The BBC Trust has given its provisional approval to the BBC's involvement in Project Canvas, saying that the likely public value of the proposal justifies any potential negative market impact.
Project Canvas is a joint venture between the BBC and five other partners to develop and promote a common standard that would allow viewers with a broadband connection to watch on their television sets on-demand services, such as the BBC iPlayer or the ITV Player, and other internet content, as well as ordinary linear television content. This would be via a device such as a set-top box connected to the internet. According to the Canvas partners viewers would have to have a broadband subscription but would not pay any additional subscription for the content.
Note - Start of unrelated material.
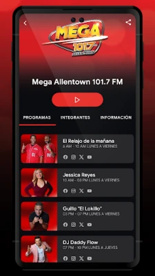 Listen in on the Nation’s Hottest Spanish Radio show “El Relajo de la Mañana” with VJ Mar, Alfa and Diamond. Tu Musica App and Mega Radio also feature the Top On Air Personalities in the nation such as: Daddy Flow, Guillo El Lokillo, DJ Jonathan, Tu Pana Luisito, Tony Rodriguez, Alex Sensation and featured guests.

The Trust proposed some conditions on the BBC's participation in the venture, to 'secure public value and lessen any adverse impact Canvas might have on the wider market, where possible.'
There will now be a period of consultation on the provisional conclusions closing on 2 February 2010, after which the Trust will reach its final decision.
Diane Coyle, Chair of the Trust's Strategic Approvals Committee, said: "One of the BBC's aims is to bring the benefits of emerging communications technologies to the public.
"After careful consideration, the Trust has provisionally concluded that Canvas is likely to benefit licence fee payers. We believe Canvas could be an important part of the way in which the BBC delivers its services in the future.
"Our provisional conclusions include some conditions on the BBC's involvement. These conditions are designed to help secure the public value we identified and to help minimise, where possible, any potential harmful effects on the market. We will now be consulting industry and the public on our provisional conclusions. The last stage of the process will be to consider the responses to that consultation before reaching our final decision."